» DIRECTIONS FOR THIS TASK: It would help if you retyped the data exactly, leaving out the pictures.

» DATA EXTRACT:
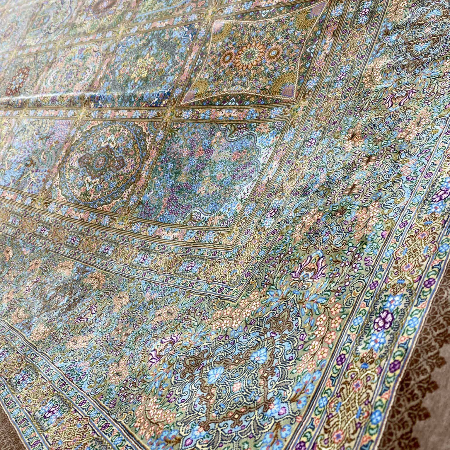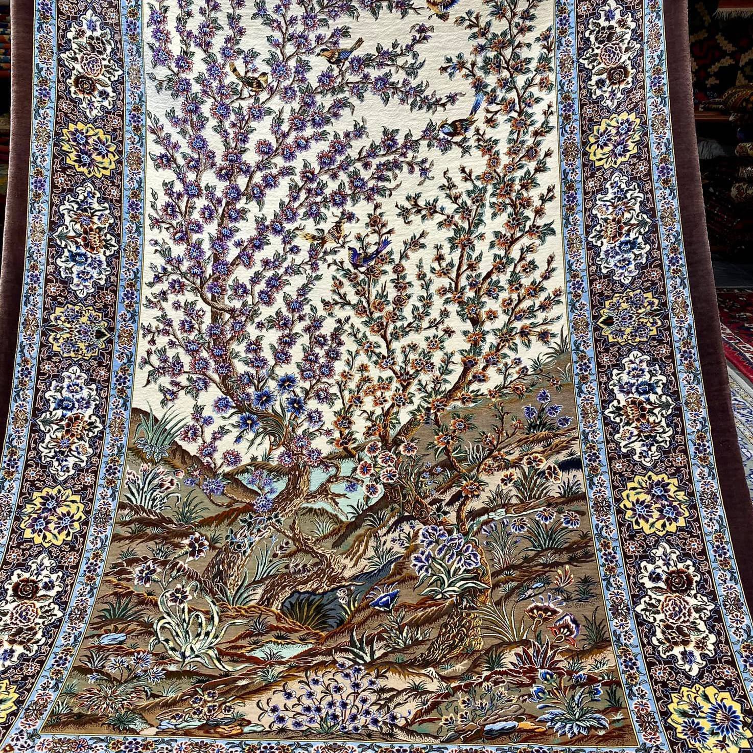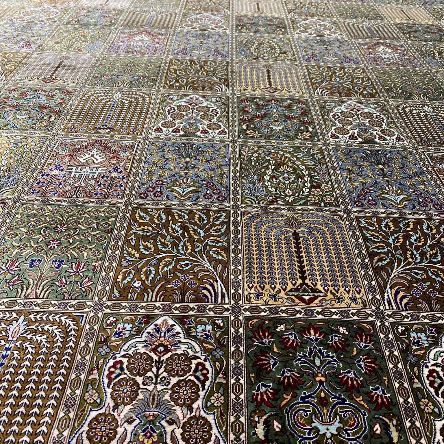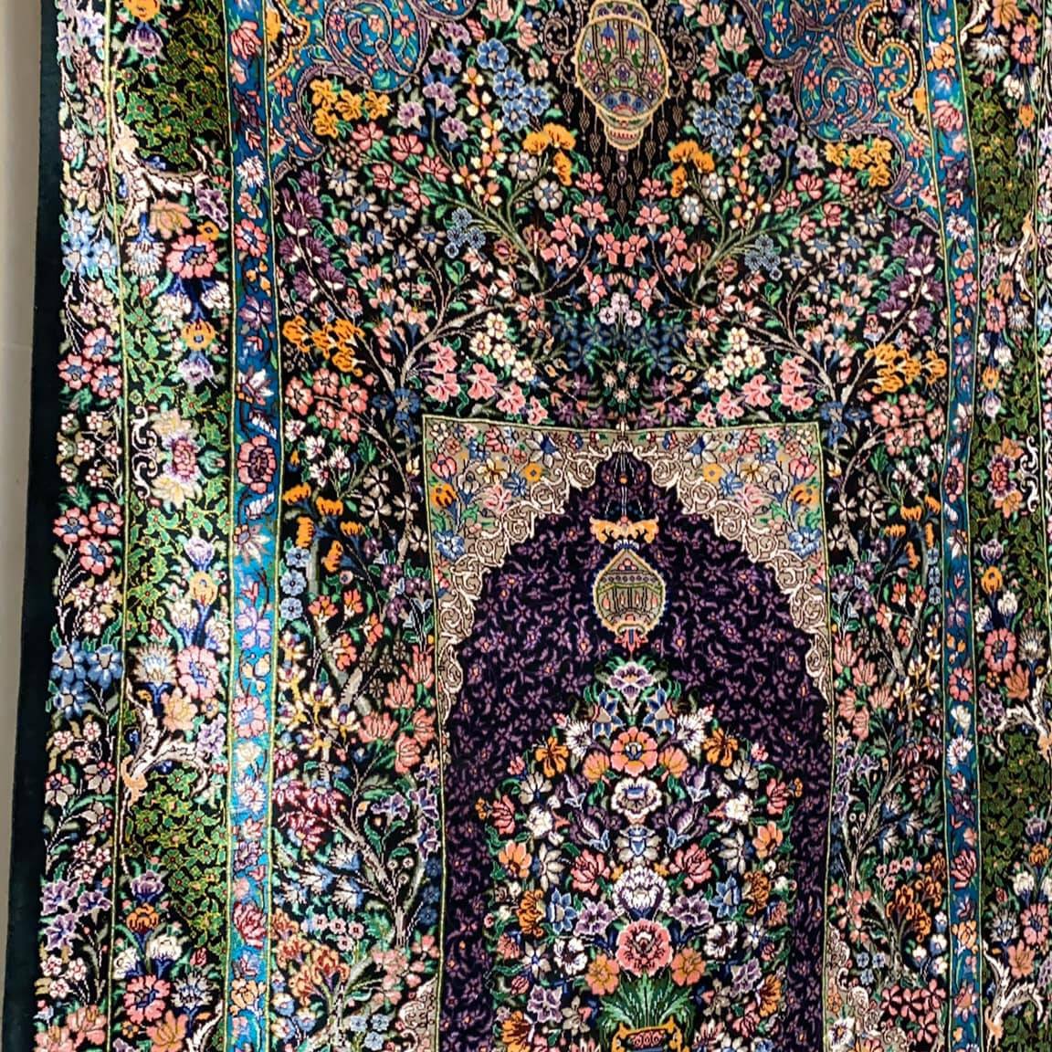 Šis kilimas ypatingas ne tik tuo, kad yra šilkinis ir turi 1 mln. 200 tūkst. mazgų 1 kv.m., o jo linijos tobulai suvaldytos (tokio dydžio kilimuose tai padaryti sudėtinga), bet ir tuo, kad jis yra senosios kartos kilimas, kurio šilko siūlai dažyti augalinius dažais.
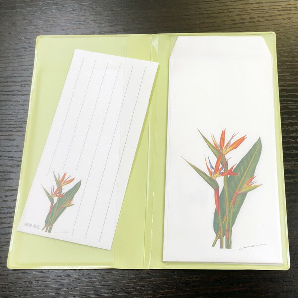 一筆箋15枚 封筒5枚 緑フォルダー 西本眞理子「極楽鳥花」レターセット ボタニカルアート 植物画家 花柄 手紙 母の日 マザーズデイ(SP205)
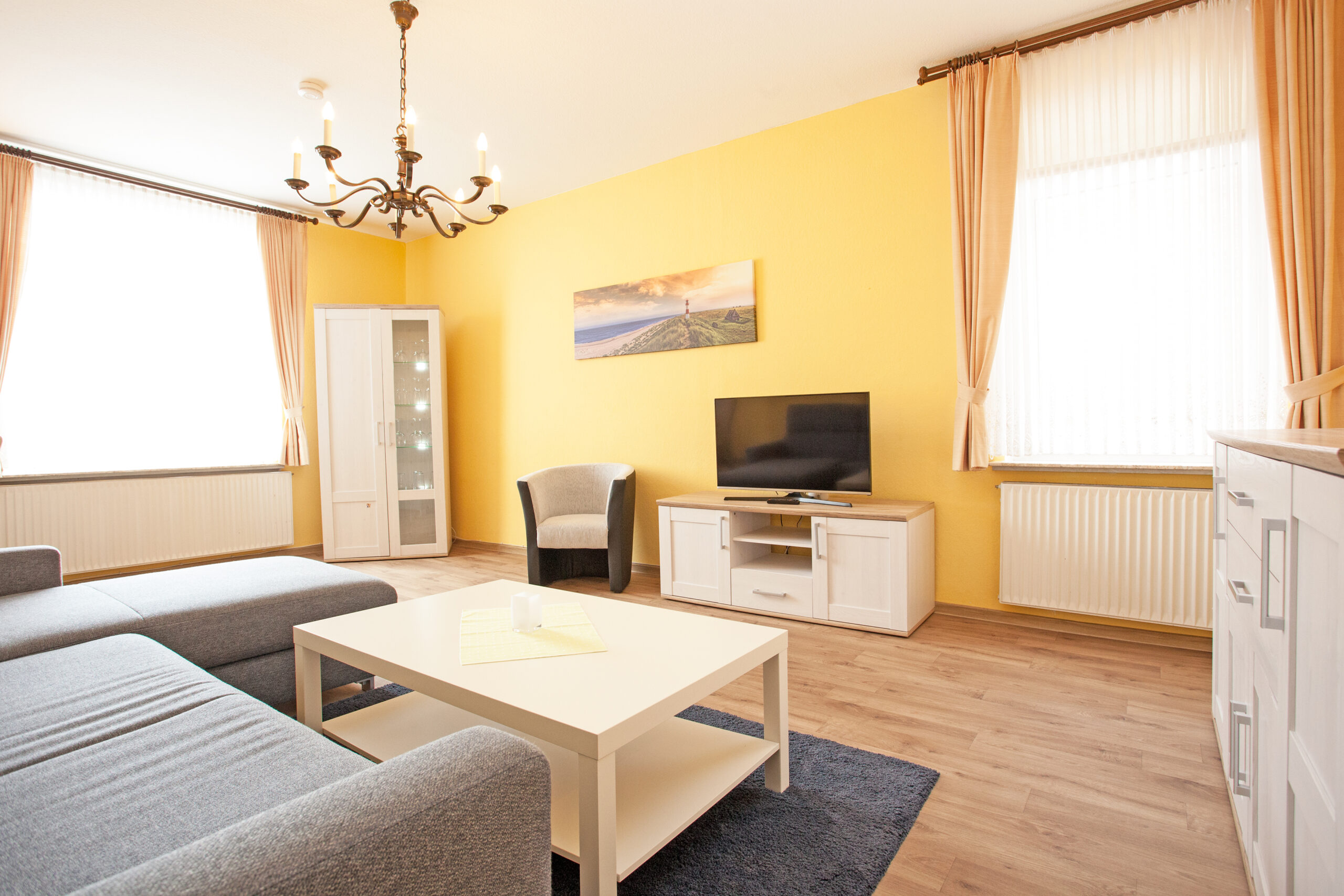 1 großes Wohnzimmer mit Schlafcouch 140×200 und Essplatz

» EXPECTED ANSWER:
 Šis kilimas ypatingas ne tik tuo, kad yra šilkinis ir turi 1 mln. 200 tūkst. mazgų 1 kv.m., o jo linijos tobulai suvaldytos (tokio dydžio kilimuose tai padaryti sudėtinga), bet ir tuo, kad jis yra senosios kartos kilimas, kurio šilko siūlai dažyti augalinius dažais.
 一筆箋15枚 封筒5枚 緑フォルダー 西本眞理子「極楽鳥花」レターセット ボタニカルアート 植物画家 花柄 手紙 母の日 マザーズデイ(SP205)
 1 großes Wohnzimmer mit Schlafcouch 140×200 und Essplatz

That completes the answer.